La situación de acoso escolar en la I.E. Afull de Lambayeque ha desatado una ola de preocupación entre padres de familia y la comunidad educativa. La madre de un estudiante manifestó que su hijo, un alumno de cuarto grado de secundaria, fue atacado por un grupo de compañeros en un incidente violento que supuestamente ocurrió dentro de las instalaciones del colegio. Según su relato, el menor fue rodeado y golpeado en la cabeza por varios agresores, lo que ha puesto de manifiesto la necesidad urgente de abordar el bullying en los centros educativos.
La denunciante, identificada como A. S.V., ha cuestionado la falta de acción y comunicación por parte de la dirección del colegio. Para ella, la ausencia de un reporte inmediato por parte de los docentes sobre la agresión a su hijo y el hecho de que el director minimizara la gravedad de los golpes ha generado un clima de desconfianza. «Mi hijo ha sido amenazado con no contar lo sucedido, pero al final fueron sus compañeros quienes lo alentaron a reportar el incidente», explicó S.V., resaltando la importancia de un entorno de apoyo y confianza en el colegio.

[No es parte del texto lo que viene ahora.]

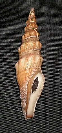 The turreted shell is acuminated and blackish brown. The whorls are tuberculated in the middle, dotted round the lower part, whilst the upper part exhibits a depression from the rilling up of the sinus. The siphonal canal is recurved.[2]

Frustrada por la respuesta de la institución, donde el director alegó que las cámaras de seguridad estaban dañadas y no podían servir de prueba del ataque, S.V. decidió presentar una denuncia formal ante la policía. «No podía quedarme de brazos cruzados mientras mi hijo sufría. Intentaré que este caso sirva de lección y prevenga futuros incidentes», agregó. Su resolución ha llevado a otras familias a hablar sobre experiencias similares, lo que indica una posible cultura de violencia que podría estar normalizada en la institución.
A raíz de estos hechos, la madre hizo un llamado a la administración del colegio para que tome medidas más severas contra el alumno agresor, quien, según ella, sigue causando miedo entre sus compañeros. «No puede continuar en este colegio, los alumnos ahora sienten temor de salir durante el recreo y van al baño acompañados. Pagué por una educación de calidad, no por una experiencia marcada por el miedo y el maltrato», enfatizó, reflejando el deseo de un ambiente escolar seguro y propicio para el aprendizaje.
El director del colegio, Alvaro Romero Peralta, afirmó que se trata de un caso aislado, aunque reconoció que se están tomando medidas para resolver la situación. Sin embargo, sus comentarios han sido recibidos con escepticismo por parte de algunos padres, quienes consideran que el acoso es un problema generalizado en la educación actual. Romero anunció que los estudiantes involucrados serán movidos de sección y que se tomarán acciones disciplinarias, pero muchos insisten en que esto no es suficiente y demandan una reformulación más profunda de las políticas contra la violencia escolar.